* **Data**:
--- START ---

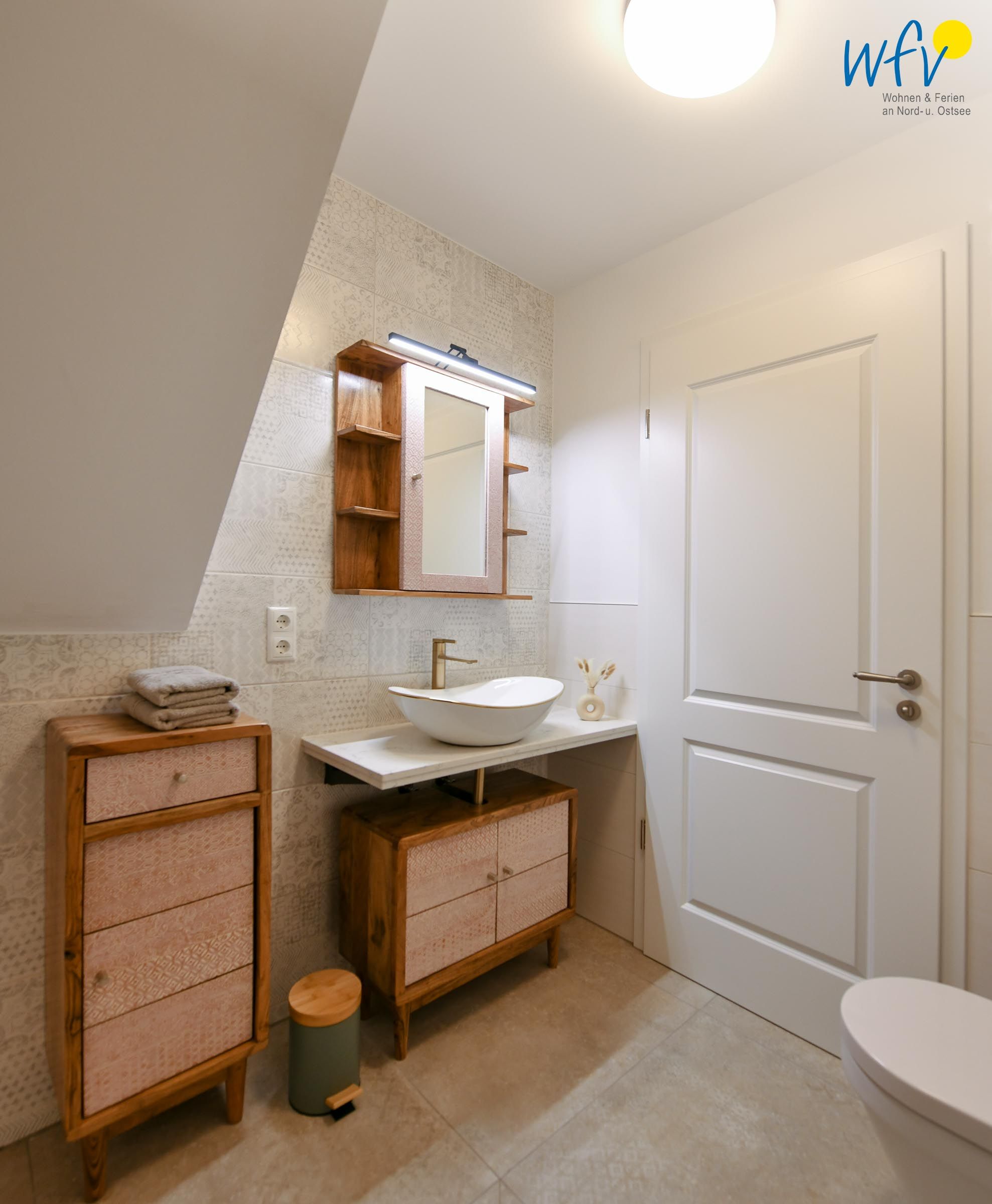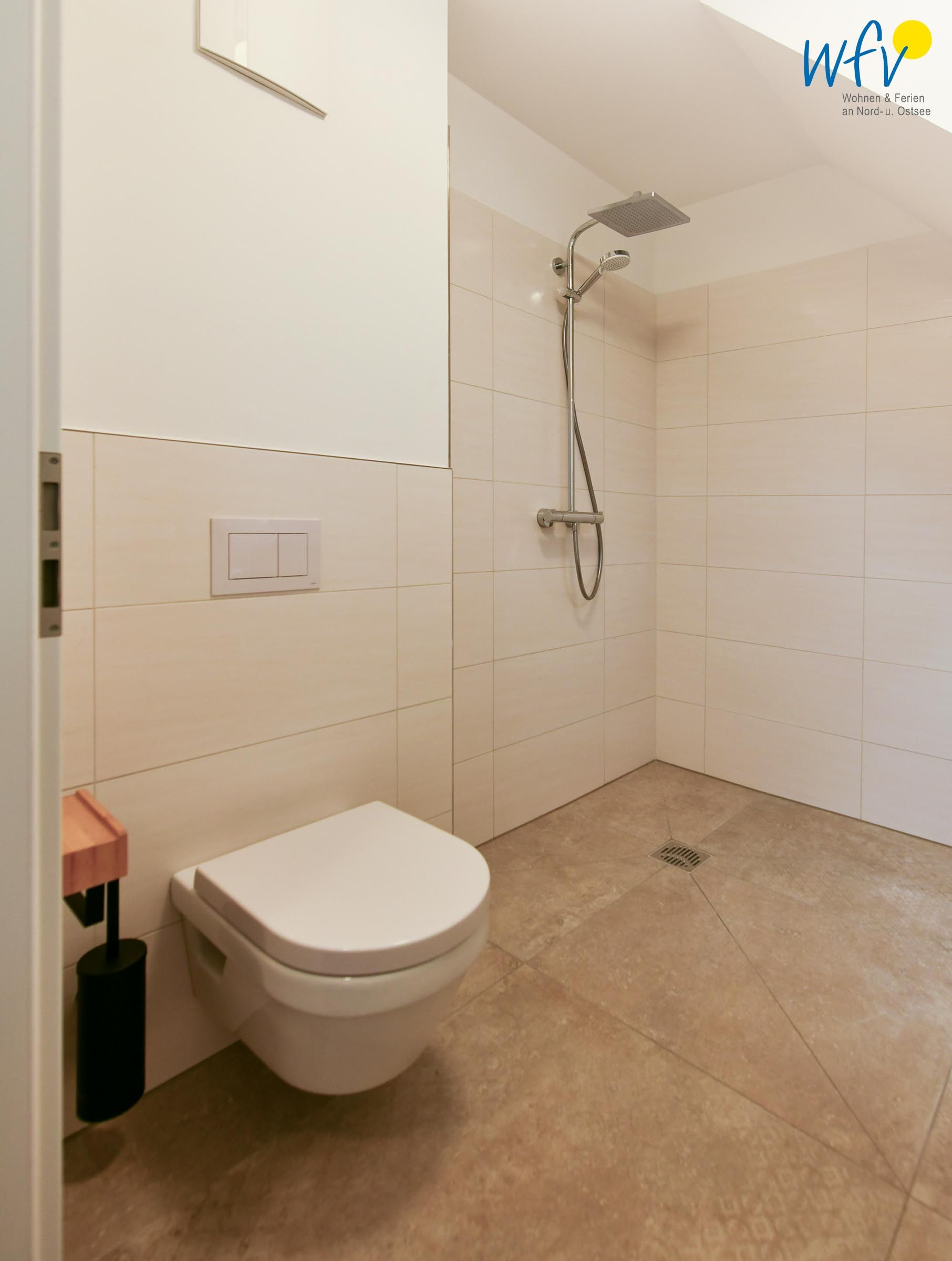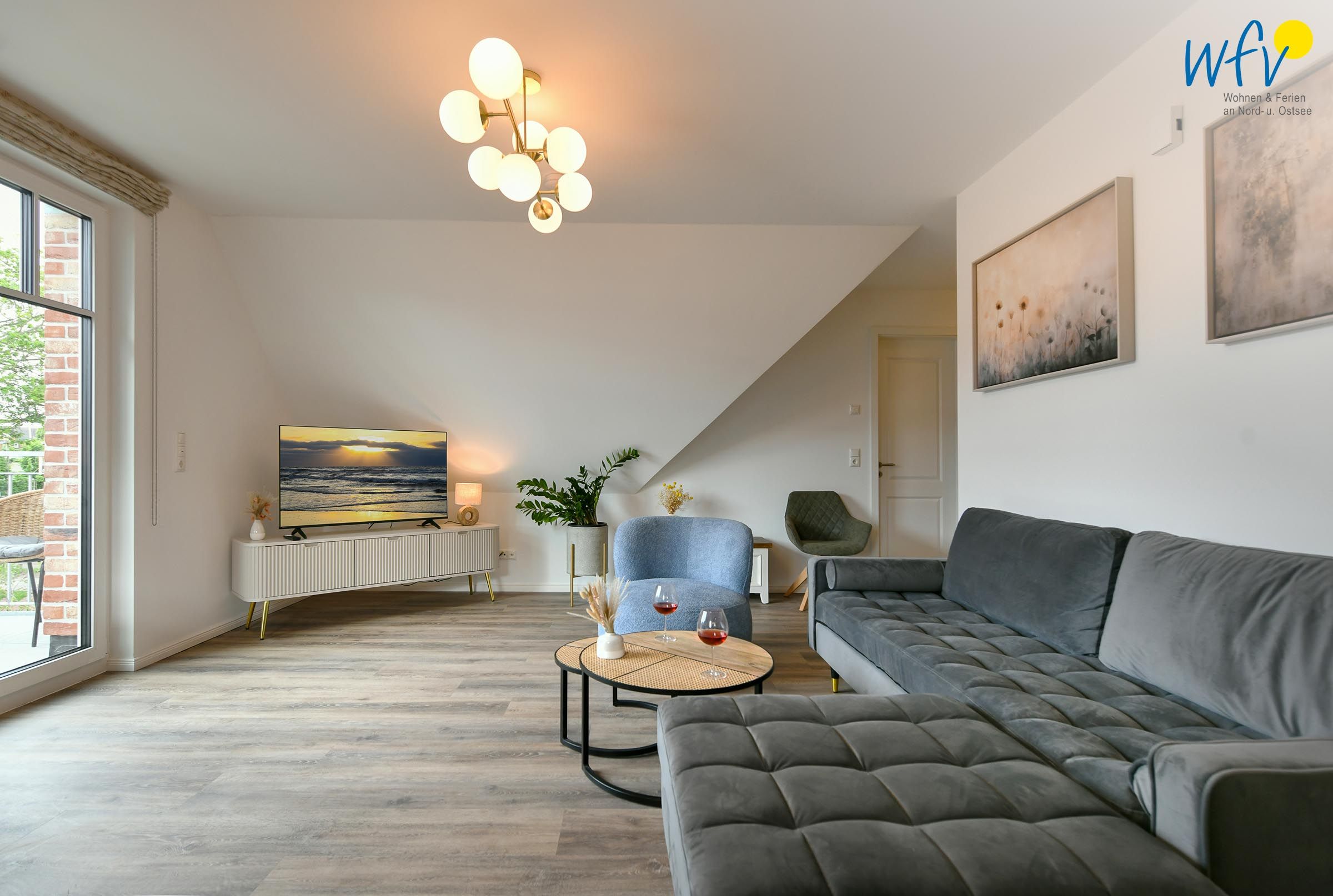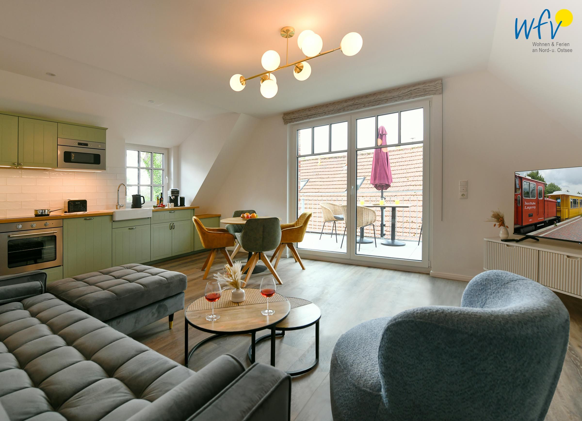 Die Maisonette-Ferienwohnung verfügt über ein modernes, offenes Wohnkonzept über zwei Etagen, das für ein weites Raumgefühl sorgt. Im Dachgeschoss sind Wohnbereich und Küche harmonisch miteinander verbunden, sodass Sie hier nach dem Strandtag oder der Fahrradtour gemütliche Abende auf dem bequemen Sofa verbringen, fernsehen und lesen können oder das gemeinsame Kochen genießen. Für kulinarische Erlebnisse ist die moderne Küche mit einem 4-Platten-Induktionsherd, einem Backofen, einer Mikrowelle, einem Kühlschrank mit Gefrierfach sowie einer Spülmaschine ausgestattet. Der angrenzende Wohnbereich lädt zu gemeinsamen Mahlzeiten ein.
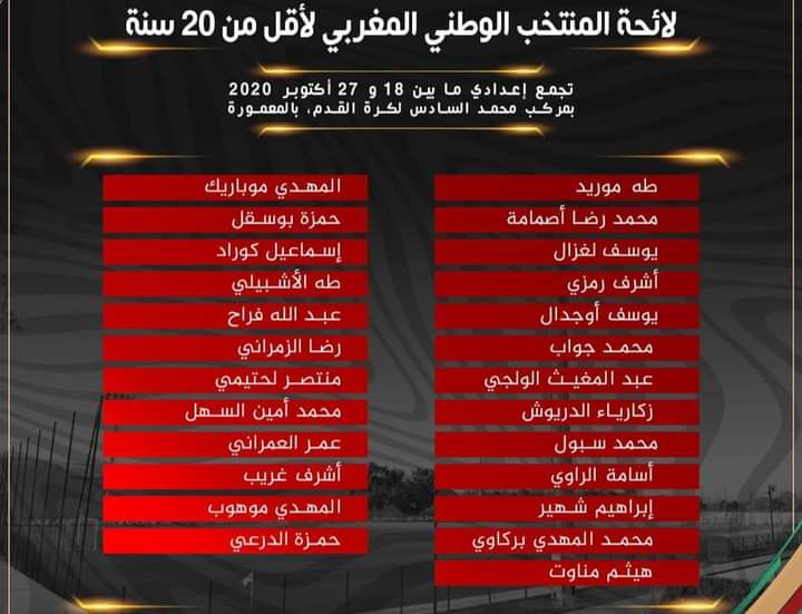 وجه مدرب المنتخب الوطني المغربي لأقل من 20 سنة برنار سيموندي، الدعوة ل 25 لاعبا، من بينهم متوسط ميدان نادي المغرب أتلتيك تطوان إسماعيل كوراد، للدخول في تربص إعدادي بمركب محمد السادس لكرة القدم بالمعمورة، خلال الفترة المتراوحة ما بين 18 و27 أكتوبر 2020، تحسبا لمشاركته في الاستحقاقات المقبلة.
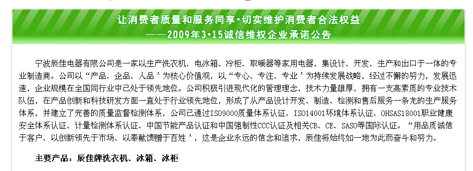 宁波辰佳电器有限公司是中国家电协会会员单位、《家用滚筒干衣机性能测试方法》和《家用和类似用途电器的安全 室内加热器的特殊要求》国家标准化起草单位、参与讨论起草《家用不用洗衣粉洗衣机》、《电动洗衣机 洗衣机可靠性能鉴定及验收实验方法》、《家用和类似用途电器的安全 洗衣机的特殊要求》国家标准成员单位。公司积极引进现代化的管理理念,技术力量雄厚,拥有一支高素质的专业技术队伍,在产品创新和科技研发方面一直处于行业领先地位。公司拥有100多项专利技术,同时与多所国内一流的高等院校合作建立产品研发中心,国家级实验室正在审批建设中,形成了从产品设计开发、制造、检测和售后服务一条龙的生产服务体系,并建立了完善的质量监督检测体系。公司已通过ISO9000质量体系认证、ISO14001环境体系认证、OHSAS18001职业健康安全管理体系认证、计量检测体系认证、中国节能产品认证和中国强制性CCC认证及相关CB、CE、SASO等国际认证。公司在国内设有100余个销售办事处,销售网点遍布全国。在国外远销亚、美、欧等60余个国家地区。辰佳商标被认定为“中国驰名商标”,成为全国家电行业的主力军和领军企业。公司在产品销售市场上享有较好知名度和美誉度,业务呈跨越式发展,市场份额逐年飙升,企业发展前景十分广阔。

--- END ---

* **Brief**:
Skip the pictures and write out exactly the lines from the line containing "وجه مدرب المنتخب" through the end of the listing above.

* **Result for this task**:
 وجه مدرب المنتخب الوطني المغربي لأقل من 20 سنة برنار سيموندي، الدعوة ل 25 لاعبا، من بينهم متوسط ميدان نادي المغرب أتلتيك تطوان إسماعيل كوراد، للدخول في تربص إعدادي بمركب محمد السادس لكرة القدم بالمعمورة، خلال الفترة المتراوحة ما بين 18 و27 أكتوبر 2020، تحسبا لمشاركته في الاستحقاقات المقبلة.
 宁波辰佳电器有限公司是中国家电协会会员单位、《家用滚筒干衣机性能测试方法》和《家用和类似用途电器的安全 室内加热器的特殊要求》国家标准化起草单位、参与讨论起草《家用不用洗衣粉洗衣机》、《电动洗衣机 洗衣机可靠性能鉴定及验收实验方法》、《家用和类似用途电器的安全 洗衣机的特殊要求》国家标准成员单位。公司积极引进现代化的管理理念,技术力量雄厚,拥有一支高素质的专业技术队伍,在产品创新和科技研发方面一直处于行业领先地位。公司拥有100多项专利技术,同时与多所国内一流的高等院校合作建立产品研发中心,国家级实验室正在审批建设中,形成了从产品设计开发、制造、检测和售后服务一条龙的生产服务体系,并建立了完善的质量监督检测体系。公司已通过ISO9000质量体系认证、ISO14001环境体系认证、OHSAS18001职业健康安全管理体系认证、计量检测体系认证、中国节能产品认证和中国强制性CCC认证及相关CB、CE、SASO等国际认证。公司在国内设有100余个销售办事处,销售网点遍布全国。在国外远销亚、美、欧等60余个国家地区。辰佳商标被认定为“中国驰名商标”,成为全国家电行业的主力军和领军企业。公司在产品销售市场上享有较好知名度和美誉度,业务呈跨越式发展,市场份额逐年飙升,企业发展前景十分广阔。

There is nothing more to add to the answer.